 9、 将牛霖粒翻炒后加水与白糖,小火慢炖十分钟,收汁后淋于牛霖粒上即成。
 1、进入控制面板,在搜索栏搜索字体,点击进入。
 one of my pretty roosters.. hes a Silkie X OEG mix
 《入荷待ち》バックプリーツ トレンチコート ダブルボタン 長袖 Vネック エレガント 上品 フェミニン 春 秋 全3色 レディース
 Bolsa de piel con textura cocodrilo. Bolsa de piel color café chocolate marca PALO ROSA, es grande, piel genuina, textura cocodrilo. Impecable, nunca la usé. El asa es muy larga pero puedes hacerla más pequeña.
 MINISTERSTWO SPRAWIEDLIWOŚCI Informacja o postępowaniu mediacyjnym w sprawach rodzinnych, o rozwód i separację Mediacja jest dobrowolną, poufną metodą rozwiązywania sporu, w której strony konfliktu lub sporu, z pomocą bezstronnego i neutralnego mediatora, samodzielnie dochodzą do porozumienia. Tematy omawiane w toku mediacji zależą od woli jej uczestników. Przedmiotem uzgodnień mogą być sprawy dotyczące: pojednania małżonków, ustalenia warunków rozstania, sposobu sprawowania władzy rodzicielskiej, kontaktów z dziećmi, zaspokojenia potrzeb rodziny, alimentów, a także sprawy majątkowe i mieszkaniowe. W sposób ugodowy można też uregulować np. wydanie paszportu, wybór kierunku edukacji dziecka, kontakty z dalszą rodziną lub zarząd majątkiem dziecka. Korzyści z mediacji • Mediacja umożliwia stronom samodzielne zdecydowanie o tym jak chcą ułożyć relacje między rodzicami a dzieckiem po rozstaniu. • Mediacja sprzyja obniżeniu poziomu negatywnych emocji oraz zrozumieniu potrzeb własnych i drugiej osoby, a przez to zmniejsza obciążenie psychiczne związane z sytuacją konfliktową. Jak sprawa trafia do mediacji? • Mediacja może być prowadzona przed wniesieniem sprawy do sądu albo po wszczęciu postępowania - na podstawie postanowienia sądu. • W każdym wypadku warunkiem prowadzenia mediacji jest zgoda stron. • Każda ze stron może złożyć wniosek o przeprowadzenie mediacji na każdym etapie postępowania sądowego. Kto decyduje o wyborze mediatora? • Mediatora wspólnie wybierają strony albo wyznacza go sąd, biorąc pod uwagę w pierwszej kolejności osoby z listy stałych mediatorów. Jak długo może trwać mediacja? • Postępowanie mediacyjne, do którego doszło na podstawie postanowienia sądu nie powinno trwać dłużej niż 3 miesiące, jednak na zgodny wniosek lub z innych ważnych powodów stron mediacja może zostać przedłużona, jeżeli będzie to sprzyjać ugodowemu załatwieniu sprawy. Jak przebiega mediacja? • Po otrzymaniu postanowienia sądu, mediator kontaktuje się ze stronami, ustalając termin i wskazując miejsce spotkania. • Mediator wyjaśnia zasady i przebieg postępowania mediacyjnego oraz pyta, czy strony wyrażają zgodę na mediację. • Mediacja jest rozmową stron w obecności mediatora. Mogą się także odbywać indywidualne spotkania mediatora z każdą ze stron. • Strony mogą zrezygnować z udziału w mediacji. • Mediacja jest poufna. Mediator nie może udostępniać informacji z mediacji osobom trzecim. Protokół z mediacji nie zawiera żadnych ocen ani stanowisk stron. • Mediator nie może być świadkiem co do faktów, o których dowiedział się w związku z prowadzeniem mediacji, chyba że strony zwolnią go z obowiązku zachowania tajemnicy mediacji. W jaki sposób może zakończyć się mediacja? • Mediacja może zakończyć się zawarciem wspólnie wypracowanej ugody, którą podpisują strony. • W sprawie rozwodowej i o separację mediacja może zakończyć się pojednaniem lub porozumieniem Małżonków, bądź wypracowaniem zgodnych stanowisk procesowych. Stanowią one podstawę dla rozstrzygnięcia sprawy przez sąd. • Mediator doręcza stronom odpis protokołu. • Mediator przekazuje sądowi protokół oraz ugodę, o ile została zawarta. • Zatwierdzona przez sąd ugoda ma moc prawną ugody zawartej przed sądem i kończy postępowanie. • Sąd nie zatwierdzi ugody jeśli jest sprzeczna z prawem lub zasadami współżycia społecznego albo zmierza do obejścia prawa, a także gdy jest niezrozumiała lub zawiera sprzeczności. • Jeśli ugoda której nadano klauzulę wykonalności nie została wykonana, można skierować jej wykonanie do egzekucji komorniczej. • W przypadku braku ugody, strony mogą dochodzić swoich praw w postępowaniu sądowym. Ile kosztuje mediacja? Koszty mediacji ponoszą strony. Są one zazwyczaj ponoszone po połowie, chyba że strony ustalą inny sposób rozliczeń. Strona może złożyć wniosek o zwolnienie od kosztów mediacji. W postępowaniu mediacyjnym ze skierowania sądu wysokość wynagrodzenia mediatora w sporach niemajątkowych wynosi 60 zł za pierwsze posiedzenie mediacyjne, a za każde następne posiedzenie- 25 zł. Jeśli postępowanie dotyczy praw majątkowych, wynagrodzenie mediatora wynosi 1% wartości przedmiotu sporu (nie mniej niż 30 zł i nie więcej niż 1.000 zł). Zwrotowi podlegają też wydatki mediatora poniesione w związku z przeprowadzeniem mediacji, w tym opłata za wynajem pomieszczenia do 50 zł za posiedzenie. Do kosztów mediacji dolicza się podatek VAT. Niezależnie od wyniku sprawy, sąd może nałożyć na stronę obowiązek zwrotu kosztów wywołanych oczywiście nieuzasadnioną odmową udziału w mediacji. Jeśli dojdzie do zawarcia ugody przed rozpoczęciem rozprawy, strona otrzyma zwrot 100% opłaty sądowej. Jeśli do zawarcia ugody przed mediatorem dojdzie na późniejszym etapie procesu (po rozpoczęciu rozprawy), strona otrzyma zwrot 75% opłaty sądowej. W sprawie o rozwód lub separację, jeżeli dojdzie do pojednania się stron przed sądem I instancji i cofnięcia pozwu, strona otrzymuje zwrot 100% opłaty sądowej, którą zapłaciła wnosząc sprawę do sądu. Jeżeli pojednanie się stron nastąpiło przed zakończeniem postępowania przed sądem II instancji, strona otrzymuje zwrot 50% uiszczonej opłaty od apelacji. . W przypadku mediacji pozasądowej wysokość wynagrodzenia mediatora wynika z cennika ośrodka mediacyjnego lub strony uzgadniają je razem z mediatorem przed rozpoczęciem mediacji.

...

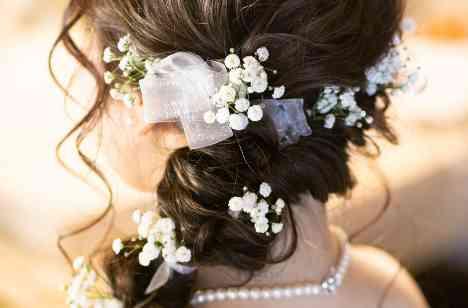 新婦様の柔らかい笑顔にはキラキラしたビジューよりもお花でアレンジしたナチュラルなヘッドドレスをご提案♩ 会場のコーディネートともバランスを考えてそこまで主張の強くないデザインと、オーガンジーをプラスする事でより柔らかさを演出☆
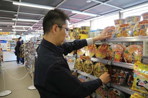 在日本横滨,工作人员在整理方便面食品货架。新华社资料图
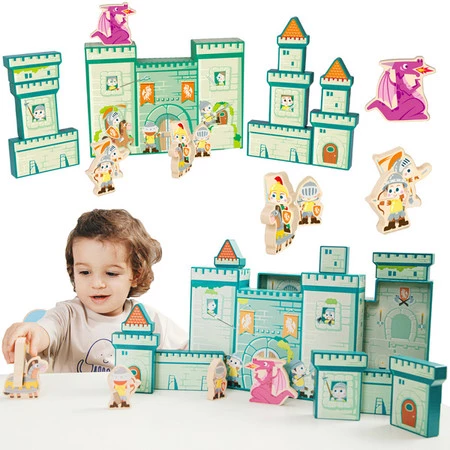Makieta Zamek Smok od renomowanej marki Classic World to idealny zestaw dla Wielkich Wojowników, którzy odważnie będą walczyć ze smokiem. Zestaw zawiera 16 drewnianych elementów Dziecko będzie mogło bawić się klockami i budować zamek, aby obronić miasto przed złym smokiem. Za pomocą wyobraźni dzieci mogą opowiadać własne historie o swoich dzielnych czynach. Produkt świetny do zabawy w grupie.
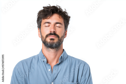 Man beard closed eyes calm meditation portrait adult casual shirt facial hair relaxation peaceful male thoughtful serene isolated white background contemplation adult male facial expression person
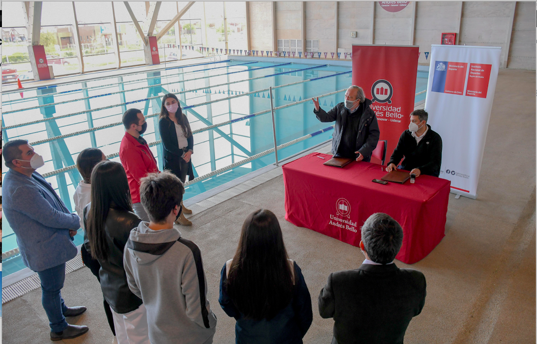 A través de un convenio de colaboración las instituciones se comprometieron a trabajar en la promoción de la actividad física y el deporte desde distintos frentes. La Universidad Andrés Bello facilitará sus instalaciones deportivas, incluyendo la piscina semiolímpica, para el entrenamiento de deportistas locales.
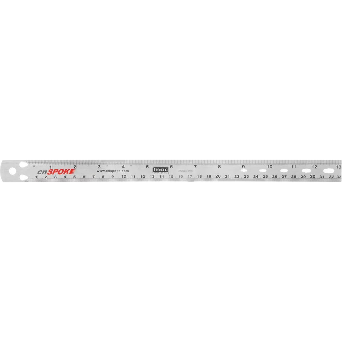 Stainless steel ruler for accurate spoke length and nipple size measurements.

* * *

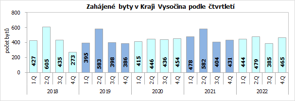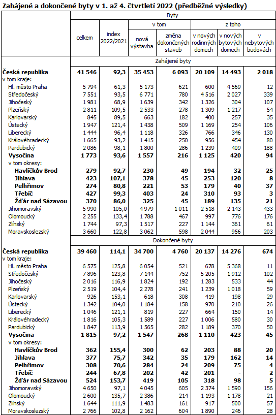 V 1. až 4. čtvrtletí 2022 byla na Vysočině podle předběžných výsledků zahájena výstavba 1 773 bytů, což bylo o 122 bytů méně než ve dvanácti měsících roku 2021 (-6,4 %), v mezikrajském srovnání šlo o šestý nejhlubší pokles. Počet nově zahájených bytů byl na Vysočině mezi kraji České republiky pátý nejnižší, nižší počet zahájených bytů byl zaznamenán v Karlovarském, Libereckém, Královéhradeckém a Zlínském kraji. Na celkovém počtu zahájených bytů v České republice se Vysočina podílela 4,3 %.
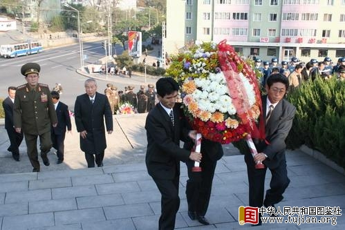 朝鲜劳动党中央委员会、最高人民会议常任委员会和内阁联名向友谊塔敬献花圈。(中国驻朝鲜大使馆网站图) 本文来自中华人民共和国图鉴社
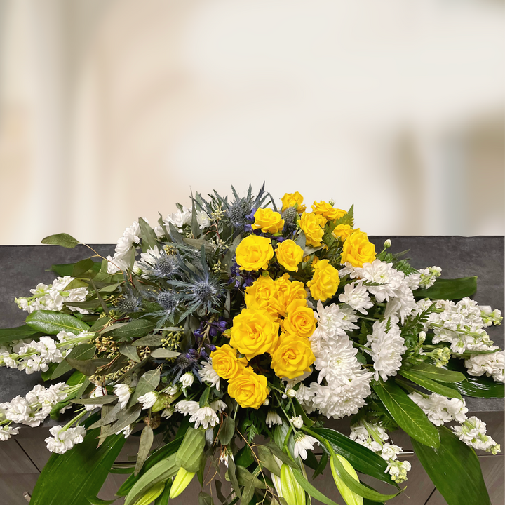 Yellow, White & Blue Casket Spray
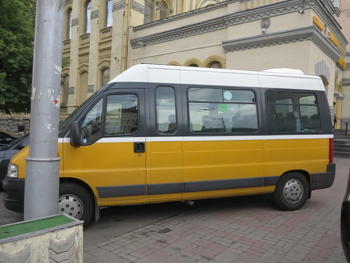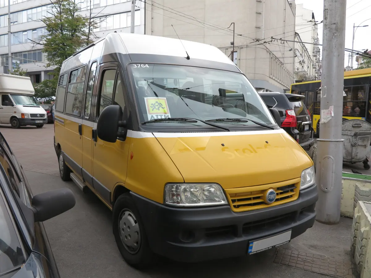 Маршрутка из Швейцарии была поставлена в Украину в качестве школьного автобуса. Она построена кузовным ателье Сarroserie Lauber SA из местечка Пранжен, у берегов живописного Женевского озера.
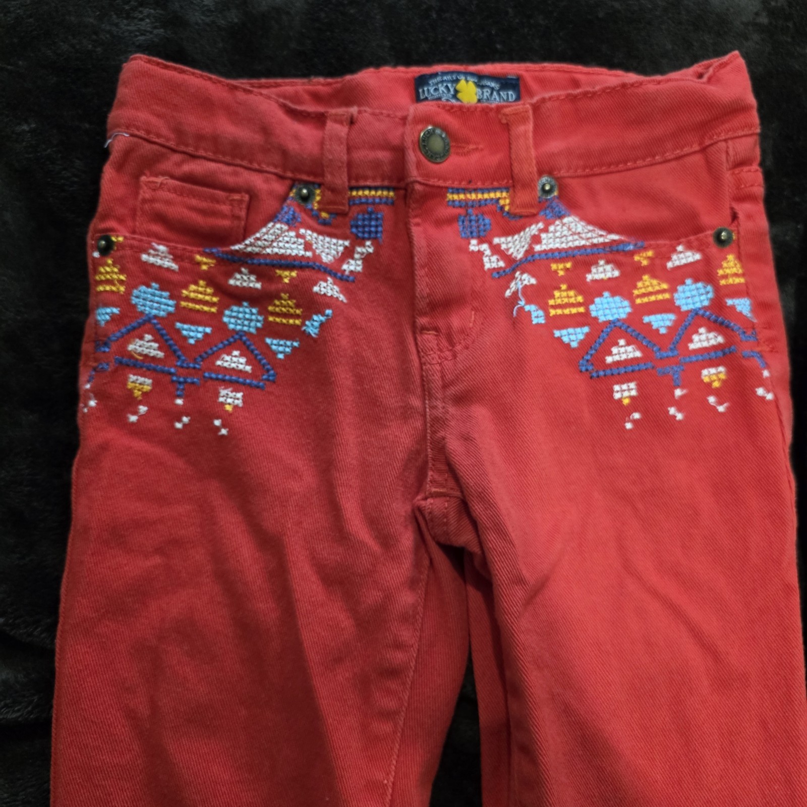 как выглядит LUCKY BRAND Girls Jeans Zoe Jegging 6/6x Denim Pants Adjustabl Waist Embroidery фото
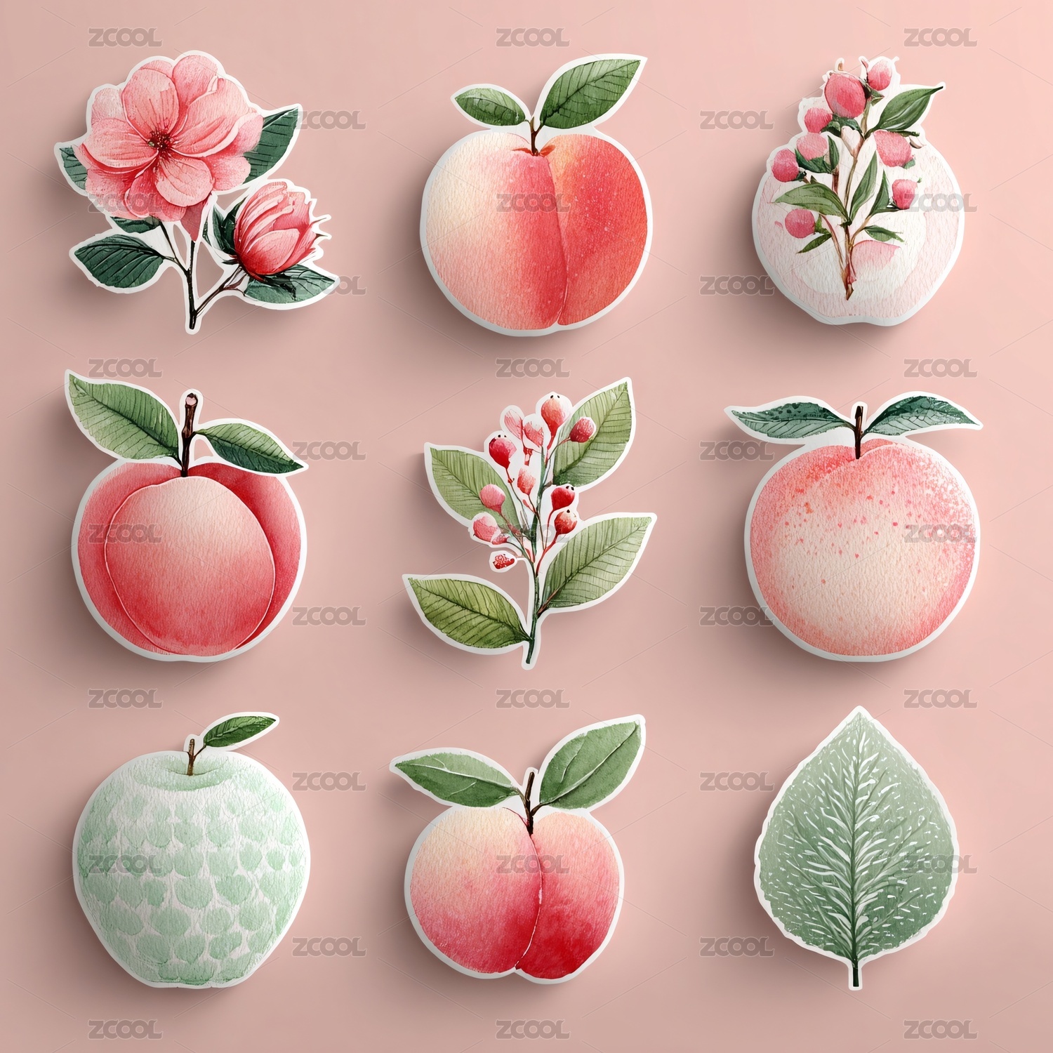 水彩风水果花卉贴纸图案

What is required: From the data above, return every line from the line that has "9、 将牛霖粒翻炒后加水与白糖,小火慢炖十分钟,收汁后淋于牛霖粒上即成。" up to and including the line that has "Bolsa de piel con", exactly.

Answer below:
 9、 将牛霖粒翻炒后加水与白糖,小火慢炖十分钟,收汁后淋于牛霖粒上即成。
 1、进入控制面板,在搜索栏搜索字体,点击进入。
 one of my pretty roosters.. hes a Silkie X OEG mix
 《入荷待ち》バックプリーツ トレンチコート ダブルボタン 長袖 Vネック エレガント 上品 フェミニン 春 秋 全3色 レディース
 Bolsa de piel con textura cocodrilo. Bolsa de piel color café chocolate marca PALO ROSA, es grande, piel genuina, textura cocodrilo. Impecable, nunca la usé. El asa es muy larga pero puedes hacerla más pequeña.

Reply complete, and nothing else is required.